Curr Ther Res Clin Exp. 2005 Nov;66(6):486-500. doi: 10.1016/j.curtheres.2005.12.002.

Effects of the addition of high-dose vitamin C to polyethylene glycol solution for colonic cleansing: A pilot study in healthy volunteers.

Current therapeutic research, clinical and experimental

Stéphane Mouly, Isabelle Mahé, Anne-Laure Knellwolf, Guy Simoneau, Jean-François Bergmann

Affiliations

  1. Unit of Therapeutic Research, Department of Internal Medicine, Lariboisière Hospital, Paris, France.

PMID: 24678071 PMCID: PMC3965999 DOI: 10.1016/j.curtheres.2005.12.002

Abstract

BACKGROUND: Polyethylene glycol (PEG) solutions, with or without osmotic agents, are used to empty the large intestine before procedures such as colonoscopy or colonic surgery. Data concerning the effectiveness of vitamin C as an ingredient in colonic preparations are scant.

OBJECTIVE: The aim of this article was to assess the effectiveness, acceptability, and tolerability of 6 preparations of a standard PEG electrolyte solution containing different doses of PEG, vitamin C (as an osmotic agent), and sodium sulfate in colonic cleansing.

METHODS: This double-blind, randomized, 2-period crossover study was conducted at the Lariboisière Hospital, Paris, France. Healthy adult volunteers were randomly assigned to receive 2 of 6 colonic cleansing preparations, each containing different doses of PEG (100 or 125 g/L), vitamin C (0, 5, or 10 g/L, in the form of sodium ascorbate, ascorbic acid, or a mixture of both), and sodium sulfate (5 or 7.5 g/L), diluted in water to a volume of 2 L. Study drug administration was separated by a washout period of 7 to 15 days, after which the volunteers received an alternate preparation. Stools were collected for 10 hours after the start of solution ingestion. The primary efficacy end point was stool volume. Secondary end points included acceptability of taste, assessed using a 100-mm visual analog scale (VAS) (0 = excellent to 100 = execrable), taste criteria (saltiness, acidity, and sweetness, assessed on a 4-point Likert-type scale [0 = very pleasant to 3 = intolerable]) and tolerability (clinical effects [changes in body weight, blood pressure, heart rate, and nausea and vomiting] and biologic effects [changes in serum electrolytes, creatinine, hematocrit, and ascorbic acid]).

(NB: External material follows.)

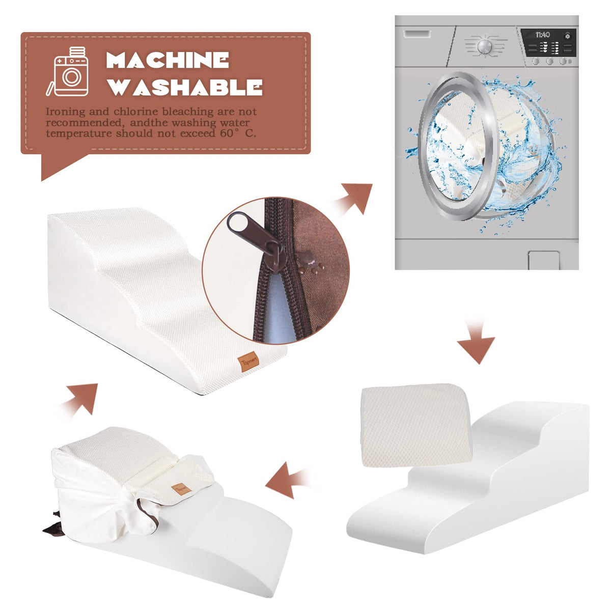 Product Size:Topmart Extended 3 Steps Dog Ramps&Staris is 15.7' High, 33.46' Long, and 15.7' Wide Package include: 3 Tier foam pet stair Machine washable soft cover (White) A pet hair remover roller Most pet stairs only consider how young and healthy pets can use them. They have not noticed how older and injured pets should use those hard and steep pet steps. Our Topmart dog steps are not only suitable for young and healthy pets,for older and injured pets, our pet steps is their best choice.

RESULTS: Thirty volunteers (15 men, 15 women; mean [SD] age, 29.8 [8.2] years [range, 20-45 years]) were enrolled and completed the study. Mean (SD) stool volume obtained with preparations containing 10 g/L of vitamin C did not differ significantly from the volume obtained without vitamin C (2.54 [0.54] L vs 1.93 [0.62] L; 95% CI, -0.13 to 1.47). Mean (SD) VAS scores for acceptability of taste ranged from 54.4 (25.0) (preparation E) to 74.4 (20.1) (preparation C) (P = 0.03 preparation E vs all other preparations). The only significant difference in taste criteria was in acidity, with preparation A being the least acidic according to patients' ratings on the VAS (1.4 [0.7] vs 1.8 [0.4] [mean of the other 5 preparations combined]; P = 0.04 preparation A vs all other preparations). Mild dehydration occurred in 6 subjects (1 for each preparation). No clinical or biological adverse effects were found.

CONCLUSIONS: In this study of 6 colonic cleansing preparations in healthy volunteers, the use of high-dose vitamin C as an osmotic agent in addition to PEG did not significantly increase stool output. All 6 preparations were well tolerated.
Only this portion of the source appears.